ACTION ITEM: Please set down the data word for word; images do not go in the copy.
▼▼▼
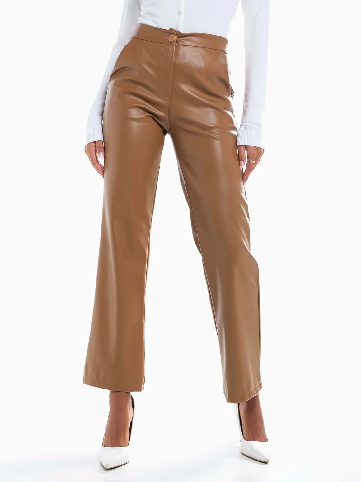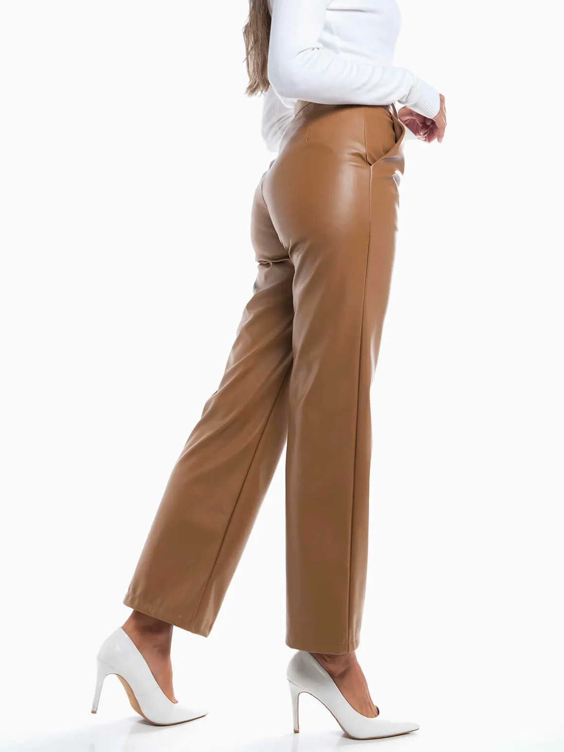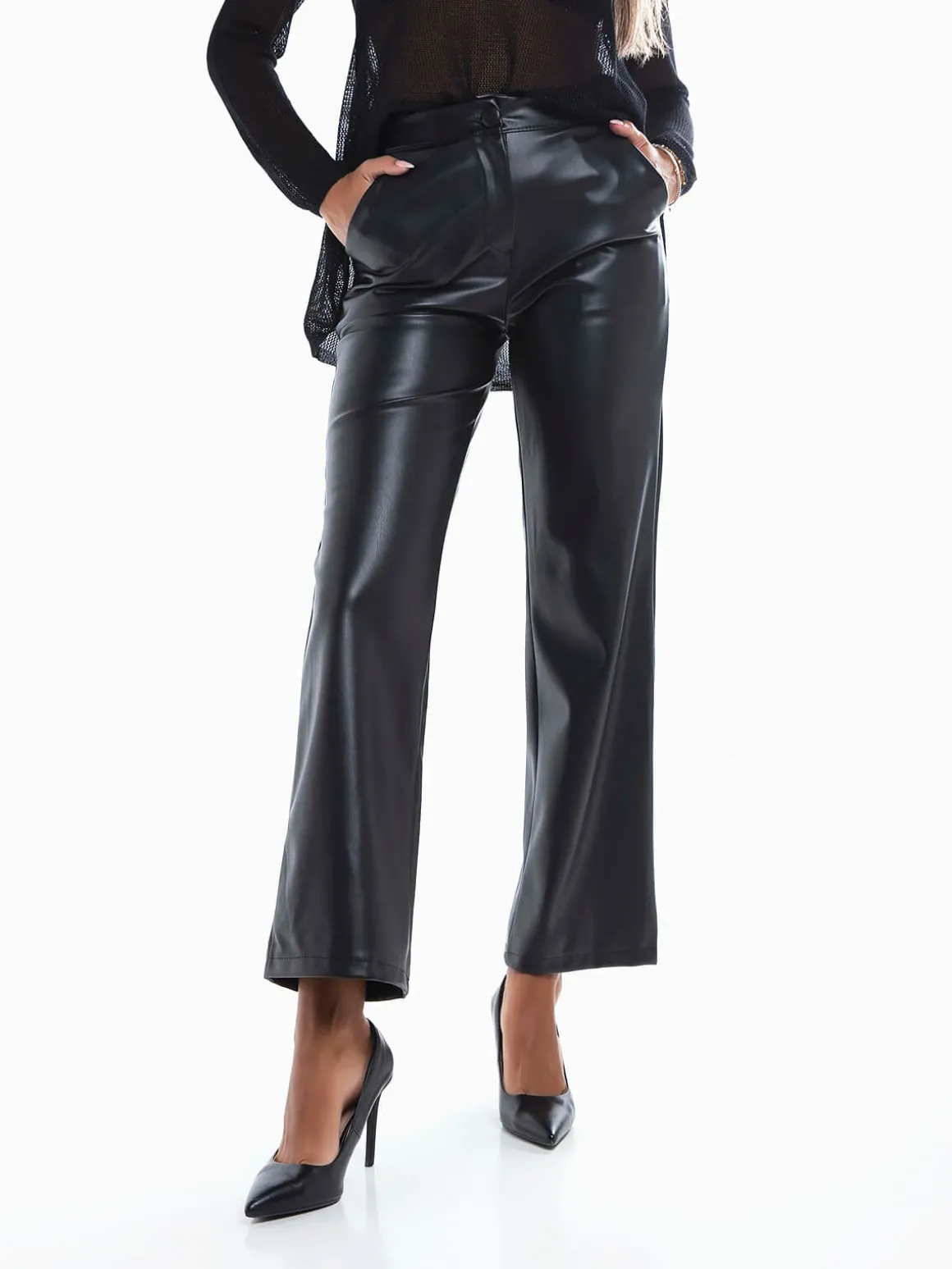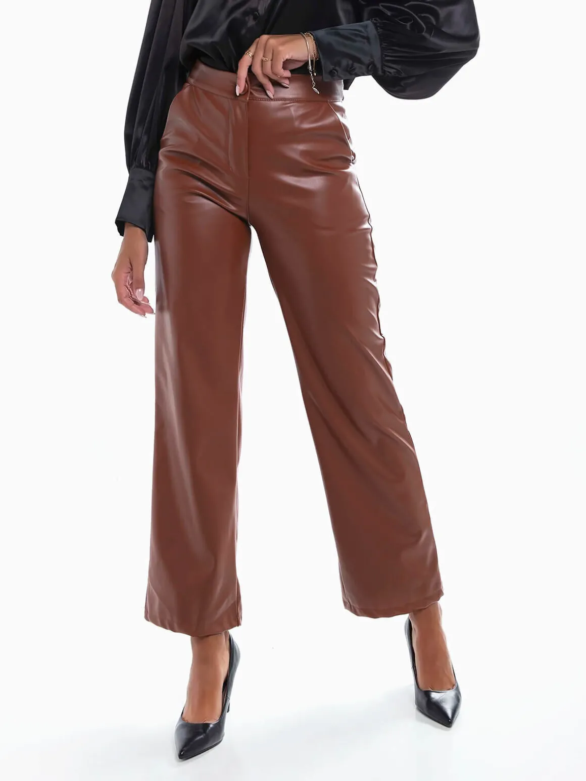 Calças straight leg de efeito pele para senhora. Calças de cintura alta com interior cardado. 2 bolsos.Altura da Modelo: 175 cm | Tamanho: S
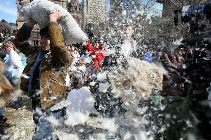 市当局の我慢が限界に達したのは前月。バレンタイン・デーに約1500-3000人が市中心部の広場とその周辺でピローファイトを行い、枕から飛び出した羽毛があたり一帯にひろがった。
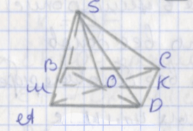 3) Рассмотрим двугранные углы при рёбрах основания. Пусть ребро основания \( SO \) и две плоскости, образованные боковыми рёбрами и радиусами основания, например, \( S K O \) и \( S U O \).
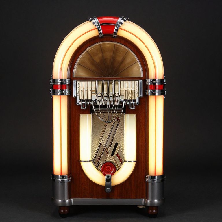 Photograph of a vintage-style jukebox with illuminated arches, wood paneling, chrome accents, and a red record button, set against a
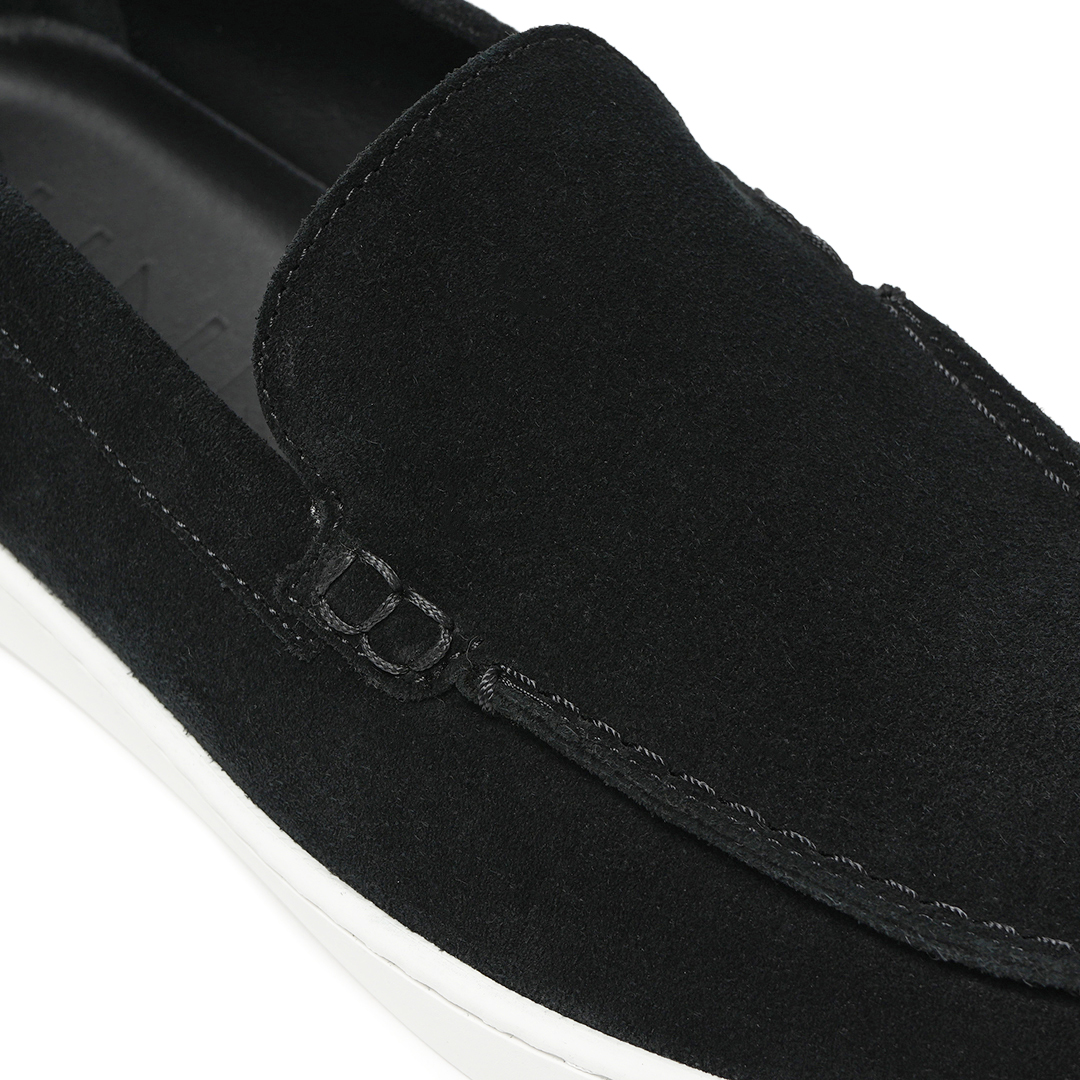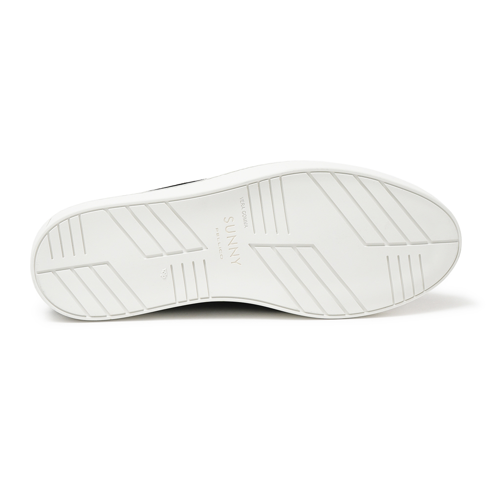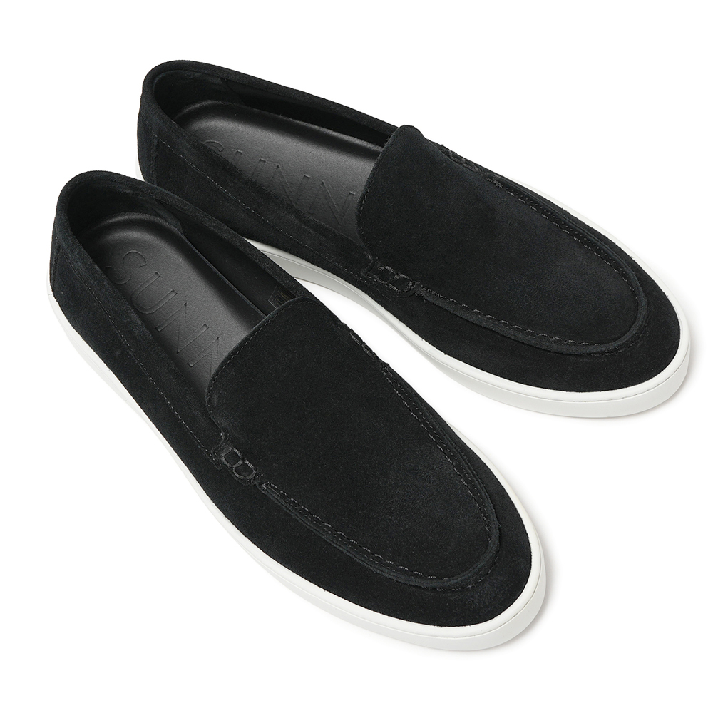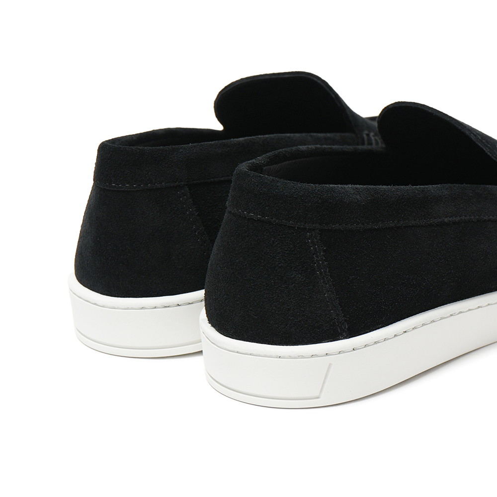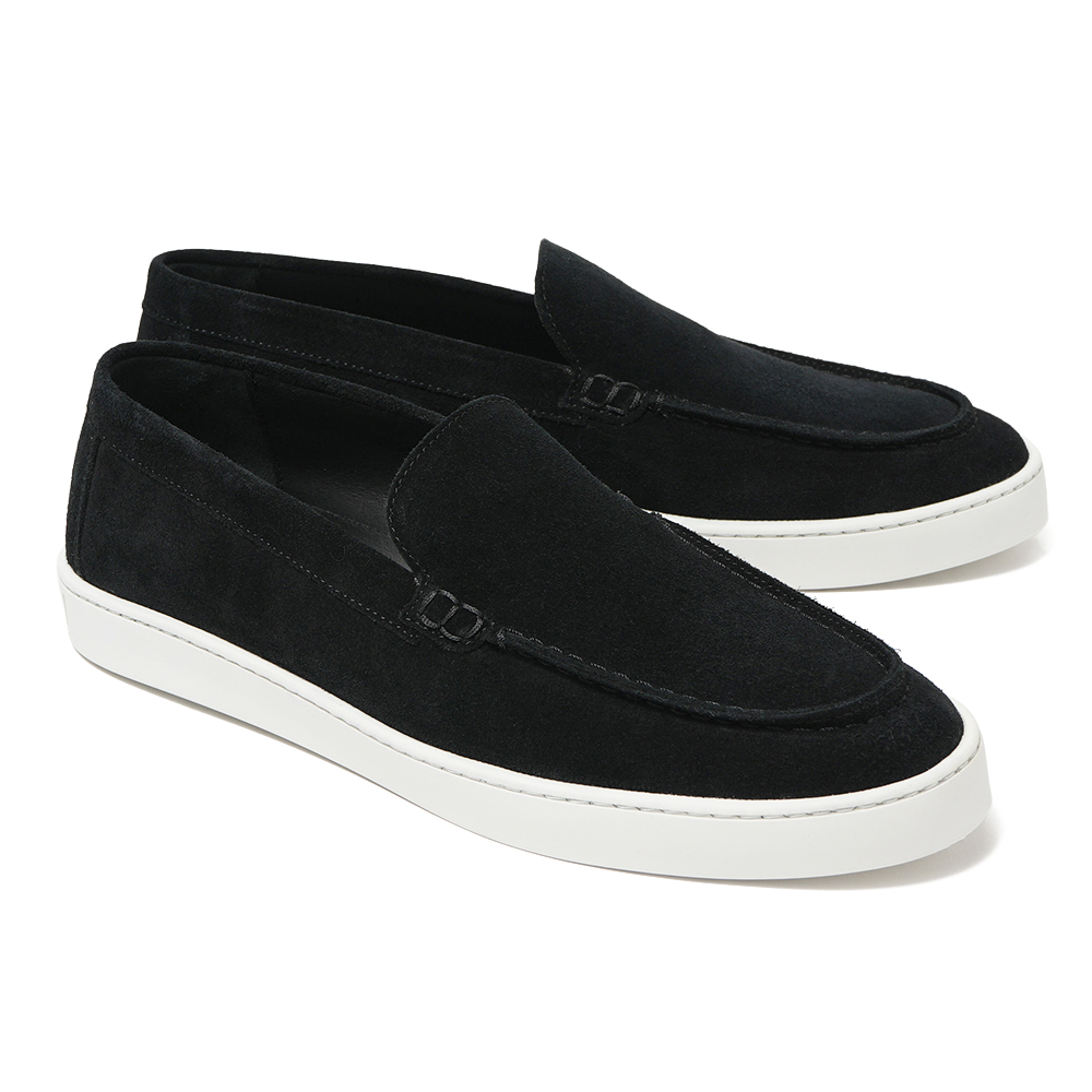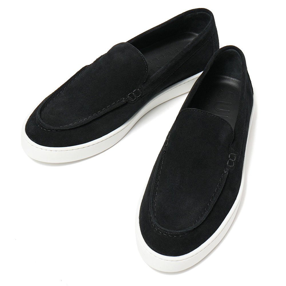 デッキシューズをアレンジしたようなシンプルなスリッポンシューズで、カジュアルな雰囲気ながらセットアップやジャケパンスタイルなどのキレイめコーディネートにも使える万能な一足。
▲▲▲
ANSWER SECTION:
 Calças straight leg de efeito pele para senhora. Calças de cintura alta com interior cardado. 2 bolsos.Altura da Modelo: 175 cm | Tamanho: S
 市当局の我慢が限界に達したのは前月。バレンタイン・デーに約1500-3000人が市中心部の広場とその周辺でピローファイトを行い、枕から飛び出した羽毛があたり一帯にひろがった。
 3) Рассмотрим двугранные углы при рёбрах основания. Пусть ребро основания \( SO \) и две плоскости, образованные боковыми рёбрами и радиусами основания, например, \( S K O \) и \( S U O \).
 Photograph of a vintage-style jukebox with illuminated arches, wood paneling, chrome accents, and a red record button, set against a
 デッキシューズをアレンジしたようなシンプルなスリッポンシューズで、カジュアルな雰囲気ながらセットアップやジャケパンスタイルなどのキレイめコーディネートにも使える万能な一足。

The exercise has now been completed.